What if you wanted to join a few different sources together, large ones at that, via query and have it filtered out, without reading all of it into memory first of course? Or.. running analytical queries, matches via reconciliation functions, basically doing useful stuff with different data sources available at once.
- Trustfall queries can in principle be compiled into SQL and executed on an analytical database. I haven't built this into Trustfall right now, but a prior project I built that used very similar syntax had this capability so I know it can be done without too much trouble.
- Trustfall's built-in query interpreter is lazily evaluated, and has very strict performance guarantees about what gets loaded into memory when and for how long. I've gone to some rather ridiculous lengths on this, and I look forward to writing it up in blog posts in the future.
- Edges in Trustfall's query graph can be parameterized: they can take an arbitrary number of type-checked arguments of a variety of types, so it should be possible to express just about any kind of join, API endpoint, reconciliation function, window function, etc.

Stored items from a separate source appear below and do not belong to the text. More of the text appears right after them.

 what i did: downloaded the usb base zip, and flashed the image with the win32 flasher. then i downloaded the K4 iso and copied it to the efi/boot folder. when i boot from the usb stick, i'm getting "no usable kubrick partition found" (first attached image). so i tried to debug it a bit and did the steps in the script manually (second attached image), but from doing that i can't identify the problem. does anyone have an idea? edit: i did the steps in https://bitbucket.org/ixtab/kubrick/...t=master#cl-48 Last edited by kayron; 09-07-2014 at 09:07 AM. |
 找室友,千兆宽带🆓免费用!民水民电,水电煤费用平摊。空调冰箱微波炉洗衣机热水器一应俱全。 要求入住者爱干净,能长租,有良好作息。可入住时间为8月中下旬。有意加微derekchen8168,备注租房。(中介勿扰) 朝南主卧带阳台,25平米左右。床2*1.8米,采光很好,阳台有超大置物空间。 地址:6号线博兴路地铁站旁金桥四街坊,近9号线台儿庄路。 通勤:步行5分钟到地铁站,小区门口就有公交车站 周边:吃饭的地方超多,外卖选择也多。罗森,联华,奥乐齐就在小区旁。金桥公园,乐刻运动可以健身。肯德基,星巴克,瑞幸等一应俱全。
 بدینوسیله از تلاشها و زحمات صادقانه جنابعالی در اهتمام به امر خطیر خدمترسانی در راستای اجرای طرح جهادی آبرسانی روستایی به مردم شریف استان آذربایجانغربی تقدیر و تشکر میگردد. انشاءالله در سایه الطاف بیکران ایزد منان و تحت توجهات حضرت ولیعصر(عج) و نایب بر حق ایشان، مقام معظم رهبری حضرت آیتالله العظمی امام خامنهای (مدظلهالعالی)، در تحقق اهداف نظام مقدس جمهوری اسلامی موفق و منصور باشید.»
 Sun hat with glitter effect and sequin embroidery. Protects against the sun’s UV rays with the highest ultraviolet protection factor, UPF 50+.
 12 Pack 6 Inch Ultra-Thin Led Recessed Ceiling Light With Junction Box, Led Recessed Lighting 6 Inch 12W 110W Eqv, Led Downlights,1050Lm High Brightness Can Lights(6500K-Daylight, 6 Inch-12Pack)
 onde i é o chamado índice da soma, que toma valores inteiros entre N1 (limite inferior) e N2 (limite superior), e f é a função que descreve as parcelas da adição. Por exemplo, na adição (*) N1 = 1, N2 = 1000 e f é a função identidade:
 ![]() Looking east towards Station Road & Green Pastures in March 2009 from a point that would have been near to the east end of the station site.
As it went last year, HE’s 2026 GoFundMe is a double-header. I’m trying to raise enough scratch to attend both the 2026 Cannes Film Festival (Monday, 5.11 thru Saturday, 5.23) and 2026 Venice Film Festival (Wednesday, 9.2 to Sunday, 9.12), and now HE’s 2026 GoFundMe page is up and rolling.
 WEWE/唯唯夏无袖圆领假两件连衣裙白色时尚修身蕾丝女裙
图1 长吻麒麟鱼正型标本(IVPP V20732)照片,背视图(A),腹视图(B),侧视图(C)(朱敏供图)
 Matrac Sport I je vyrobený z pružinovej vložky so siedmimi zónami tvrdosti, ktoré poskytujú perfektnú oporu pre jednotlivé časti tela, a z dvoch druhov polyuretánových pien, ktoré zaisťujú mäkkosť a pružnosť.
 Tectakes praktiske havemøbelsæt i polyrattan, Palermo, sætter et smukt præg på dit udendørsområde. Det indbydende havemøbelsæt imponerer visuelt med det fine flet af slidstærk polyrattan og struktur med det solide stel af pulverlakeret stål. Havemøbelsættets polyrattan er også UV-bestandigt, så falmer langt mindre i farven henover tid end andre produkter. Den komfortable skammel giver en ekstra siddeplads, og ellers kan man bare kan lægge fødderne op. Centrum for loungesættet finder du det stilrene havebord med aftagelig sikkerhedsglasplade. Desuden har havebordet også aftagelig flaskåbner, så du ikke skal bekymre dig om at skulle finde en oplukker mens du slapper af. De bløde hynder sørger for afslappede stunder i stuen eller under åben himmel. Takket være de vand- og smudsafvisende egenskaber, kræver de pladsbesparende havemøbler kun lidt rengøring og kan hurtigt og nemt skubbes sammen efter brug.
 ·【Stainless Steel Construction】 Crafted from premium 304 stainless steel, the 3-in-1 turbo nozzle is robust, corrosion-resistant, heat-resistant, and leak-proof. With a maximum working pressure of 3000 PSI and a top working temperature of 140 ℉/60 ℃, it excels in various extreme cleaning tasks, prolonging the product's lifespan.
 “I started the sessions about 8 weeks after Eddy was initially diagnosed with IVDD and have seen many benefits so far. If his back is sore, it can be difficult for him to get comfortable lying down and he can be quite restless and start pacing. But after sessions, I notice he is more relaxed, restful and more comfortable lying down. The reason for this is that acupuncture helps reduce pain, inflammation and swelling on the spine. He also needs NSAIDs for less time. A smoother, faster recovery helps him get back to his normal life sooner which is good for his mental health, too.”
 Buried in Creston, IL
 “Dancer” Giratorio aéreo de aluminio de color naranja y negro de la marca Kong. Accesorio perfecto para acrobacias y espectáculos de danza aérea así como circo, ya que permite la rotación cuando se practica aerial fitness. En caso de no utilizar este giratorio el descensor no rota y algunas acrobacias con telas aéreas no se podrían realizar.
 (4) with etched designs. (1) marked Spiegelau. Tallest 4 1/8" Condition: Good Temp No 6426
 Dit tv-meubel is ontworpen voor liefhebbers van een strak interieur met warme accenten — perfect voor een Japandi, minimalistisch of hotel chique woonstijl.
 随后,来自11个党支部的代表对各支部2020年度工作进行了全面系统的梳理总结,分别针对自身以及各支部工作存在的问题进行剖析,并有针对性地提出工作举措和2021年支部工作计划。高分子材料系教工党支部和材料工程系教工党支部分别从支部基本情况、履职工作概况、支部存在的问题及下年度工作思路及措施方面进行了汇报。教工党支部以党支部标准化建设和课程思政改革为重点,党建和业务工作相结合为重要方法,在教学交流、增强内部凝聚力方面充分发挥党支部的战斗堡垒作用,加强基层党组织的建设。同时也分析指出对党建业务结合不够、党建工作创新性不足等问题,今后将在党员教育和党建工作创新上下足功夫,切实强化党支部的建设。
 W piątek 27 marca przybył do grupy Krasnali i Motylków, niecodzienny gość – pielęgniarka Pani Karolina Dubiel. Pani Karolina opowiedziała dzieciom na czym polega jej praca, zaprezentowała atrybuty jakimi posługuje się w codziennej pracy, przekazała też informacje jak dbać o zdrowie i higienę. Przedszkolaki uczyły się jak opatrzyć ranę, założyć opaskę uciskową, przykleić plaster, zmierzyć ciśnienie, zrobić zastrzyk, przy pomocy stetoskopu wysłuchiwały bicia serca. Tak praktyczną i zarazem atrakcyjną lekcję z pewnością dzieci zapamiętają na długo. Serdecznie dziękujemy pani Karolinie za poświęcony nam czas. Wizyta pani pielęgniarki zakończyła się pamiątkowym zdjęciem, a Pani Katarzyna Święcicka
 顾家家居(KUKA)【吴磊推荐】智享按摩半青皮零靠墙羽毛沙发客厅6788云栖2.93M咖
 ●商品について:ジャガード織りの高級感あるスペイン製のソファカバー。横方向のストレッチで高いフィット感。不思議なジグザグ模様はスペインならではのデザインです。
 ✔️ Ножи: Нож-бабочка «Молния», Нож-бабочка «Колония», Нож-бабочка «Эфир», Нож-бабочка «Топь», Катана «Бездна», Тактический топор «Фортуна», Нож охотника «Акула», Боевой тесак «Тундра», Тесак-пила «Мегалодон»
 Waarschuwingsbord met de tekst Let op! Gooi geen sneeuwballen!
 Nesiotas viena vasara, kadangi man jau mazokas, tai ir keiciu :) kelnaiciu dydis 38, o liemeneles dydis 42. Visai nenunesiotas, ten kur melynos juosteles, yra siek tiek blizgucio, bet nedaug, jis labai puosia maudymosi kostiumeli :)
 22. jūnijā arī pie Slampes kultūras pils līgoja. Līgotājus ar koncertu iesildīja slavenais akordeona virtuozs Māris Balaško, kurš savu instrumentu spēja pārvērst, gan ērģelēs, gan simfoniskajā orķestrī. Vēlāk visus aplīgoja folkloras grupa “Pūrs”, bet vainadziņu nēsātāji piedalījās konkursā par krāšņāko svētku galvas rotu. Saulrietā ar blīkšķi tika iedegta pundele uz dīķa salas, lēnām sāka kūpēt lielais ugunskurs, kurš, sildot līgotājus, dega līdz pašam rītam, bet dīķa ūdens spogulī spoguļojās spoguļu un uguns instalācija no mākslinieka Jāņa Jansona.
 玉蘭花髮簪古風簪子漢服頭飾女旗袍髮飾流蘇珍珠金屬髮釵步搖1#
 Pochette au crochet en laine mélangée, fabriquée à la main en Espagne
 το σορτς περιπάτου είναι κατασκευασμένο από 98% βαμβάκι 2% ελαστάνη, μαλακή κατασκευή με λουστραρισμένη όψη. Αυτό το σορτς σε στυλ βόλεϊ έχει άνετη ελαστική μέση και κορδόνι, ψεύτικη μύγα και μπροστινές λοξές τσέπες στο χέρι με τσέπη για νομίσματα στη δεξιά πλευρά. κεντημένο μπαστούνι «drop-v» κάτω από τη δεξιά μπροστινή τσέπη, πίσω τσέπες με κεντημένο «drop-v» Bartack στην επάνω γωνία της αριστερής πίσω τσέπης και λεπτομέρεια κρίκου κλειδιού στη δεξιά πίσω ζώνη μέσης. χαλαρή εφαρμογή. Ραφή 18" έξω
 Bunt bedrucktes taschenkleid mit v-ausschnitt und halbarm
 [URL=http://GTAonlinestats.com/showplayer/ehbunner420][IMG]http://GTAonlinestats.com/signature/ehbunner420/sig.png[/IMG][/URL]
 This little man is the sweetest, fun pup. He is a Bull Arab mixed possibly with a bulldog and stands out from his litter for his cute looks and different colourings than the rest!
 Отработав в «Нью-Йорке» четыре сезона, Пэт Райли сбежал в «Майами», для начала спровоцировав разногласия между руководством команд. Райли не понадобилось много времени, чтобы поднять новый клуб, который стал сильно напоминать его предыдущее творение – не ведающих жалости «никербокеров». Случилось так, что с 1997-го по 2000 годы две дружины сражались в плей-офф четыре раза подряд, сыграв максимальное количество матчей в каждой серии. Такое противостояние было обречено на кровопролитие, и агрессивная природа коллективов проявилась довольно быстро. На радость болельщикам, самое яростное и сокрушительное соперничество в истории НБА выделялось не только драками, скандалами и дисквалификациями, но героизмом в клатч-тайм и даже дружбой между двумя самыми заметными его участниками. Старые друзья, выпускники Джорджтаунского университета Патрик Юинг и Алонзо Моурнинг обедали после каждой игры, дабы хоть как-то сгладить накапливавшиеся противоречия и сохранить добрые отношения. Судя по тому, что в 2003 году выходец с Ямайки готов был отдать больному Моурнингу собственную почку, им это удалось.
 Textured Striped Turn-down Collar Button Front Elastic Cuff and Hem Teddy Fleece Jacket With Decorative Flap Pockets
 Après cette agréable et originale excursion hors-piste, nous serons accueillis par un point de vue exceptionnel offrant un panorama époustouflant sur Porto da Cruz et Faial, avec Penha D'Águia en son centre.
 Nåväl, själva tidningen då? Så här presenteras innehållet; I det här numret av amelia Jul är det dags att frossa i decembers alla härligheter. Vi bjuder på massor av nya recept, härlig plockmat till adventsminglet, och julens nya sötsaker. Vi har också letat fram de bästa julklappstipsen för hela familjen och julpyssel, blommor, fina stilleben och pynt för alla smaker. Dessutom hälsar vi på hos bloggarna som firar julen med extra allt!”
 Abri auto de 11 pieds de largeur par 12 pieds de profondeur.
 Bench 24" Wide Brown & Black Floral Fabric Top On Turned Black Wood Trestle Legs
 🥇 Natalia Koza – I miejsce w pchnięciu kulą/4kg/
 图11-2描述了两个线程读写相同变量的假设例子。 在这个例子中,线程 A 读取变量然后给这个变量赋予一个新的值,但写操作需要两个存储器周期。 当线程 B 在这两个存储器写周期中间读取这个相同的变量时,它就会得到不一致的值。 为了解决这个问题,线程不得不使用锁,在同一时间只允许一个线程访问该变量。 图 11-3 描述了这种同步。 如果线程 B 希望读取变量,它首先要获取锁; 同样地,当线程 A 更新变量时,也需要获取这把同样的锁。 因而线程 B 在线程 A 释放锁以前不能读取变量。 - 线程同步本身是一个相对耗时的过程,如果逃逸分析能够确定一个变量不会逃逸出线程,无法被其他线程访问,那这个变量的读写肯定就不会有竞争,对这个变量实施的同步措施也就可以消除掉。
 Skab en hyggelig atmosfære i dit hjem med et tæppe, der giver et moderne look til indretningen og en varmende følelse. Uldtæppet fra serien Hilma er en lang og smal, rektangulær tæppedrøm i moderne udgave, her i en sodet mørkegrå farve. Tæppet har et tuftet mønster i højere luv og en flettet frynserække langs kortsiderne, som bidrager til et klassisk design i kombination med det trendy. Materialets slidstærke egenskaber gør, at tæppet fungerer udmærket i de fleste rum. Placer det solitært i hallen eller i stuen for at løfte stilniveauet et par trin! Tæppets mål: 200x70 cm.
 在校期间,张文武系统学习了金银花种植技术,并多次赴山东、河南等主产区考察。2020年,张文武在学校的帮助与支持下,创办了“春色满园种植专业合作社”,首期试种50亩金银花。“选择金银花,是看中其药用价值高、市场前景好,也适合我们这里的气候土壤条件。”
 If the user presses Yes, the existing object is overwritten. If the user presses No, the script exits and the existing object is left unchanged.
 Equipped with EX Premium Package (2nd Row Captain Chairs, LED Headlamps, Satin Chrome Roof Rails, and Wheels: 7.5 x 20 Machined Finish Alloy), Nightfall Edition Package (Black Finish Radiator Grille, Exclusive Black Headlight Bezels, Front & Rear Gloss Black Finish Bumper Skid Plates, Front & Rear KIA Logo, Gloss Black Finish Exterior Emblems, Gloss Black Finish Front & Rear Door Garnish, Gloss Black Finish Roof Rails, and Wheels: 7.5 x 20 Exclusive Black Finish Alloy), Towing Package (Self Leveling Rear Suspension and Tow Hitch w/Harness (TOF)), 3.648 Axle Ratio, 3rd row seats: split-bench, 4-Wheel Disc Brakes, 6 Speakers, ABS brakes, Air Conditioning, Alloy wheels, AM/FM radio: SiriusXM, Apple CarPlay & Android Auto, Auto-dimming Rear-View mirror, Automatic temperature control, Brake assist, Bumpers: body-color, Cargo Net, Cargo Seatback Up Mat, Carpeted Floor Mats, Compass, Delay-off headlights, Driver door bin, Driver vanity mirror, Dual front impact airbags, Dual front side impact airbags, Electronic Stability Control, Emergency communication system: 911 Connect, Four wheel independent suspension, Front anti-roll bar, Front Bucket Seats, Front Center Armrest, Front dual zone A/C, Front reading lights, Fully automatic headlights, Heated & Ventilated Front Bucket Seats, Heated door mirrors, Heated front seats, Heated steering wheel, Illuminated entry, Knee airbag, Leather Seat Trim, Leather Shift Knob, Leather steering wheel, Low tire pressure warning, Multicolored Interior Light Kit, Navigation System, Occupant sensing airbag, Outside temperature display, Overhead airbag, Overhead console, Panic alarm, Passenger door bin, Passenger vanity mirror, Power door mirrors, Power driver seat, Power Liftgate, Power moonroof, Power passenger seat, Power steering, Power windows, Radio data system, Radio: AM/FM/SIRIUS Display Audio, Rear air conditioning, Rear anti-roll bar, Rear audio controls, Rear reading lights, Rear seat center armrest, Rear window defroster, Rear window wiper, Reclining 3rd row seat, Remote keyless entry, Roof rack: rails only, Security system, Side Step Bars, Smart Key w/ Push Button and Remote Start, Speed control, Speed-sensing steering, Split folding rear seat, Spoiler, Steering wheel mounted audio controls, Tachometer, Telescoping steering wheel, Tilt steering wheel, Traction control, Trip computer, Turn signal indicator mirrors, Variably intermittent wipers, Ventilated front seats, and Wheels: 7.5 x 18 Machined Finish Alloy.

- Whether a data source is large or small doesn't matter to Trustfall. So long as the data provider implements the Adapter interface, it can be plugged in. Whether the underlying data is read into memory all at once or progressively is the adapter implementation's business only -- Trustfall is extremely laissez-faire on this.
- Multiple data sources can be combined together, and queries written over all of them. This is something I'm working on right now, and hope to have more to share on in coming months.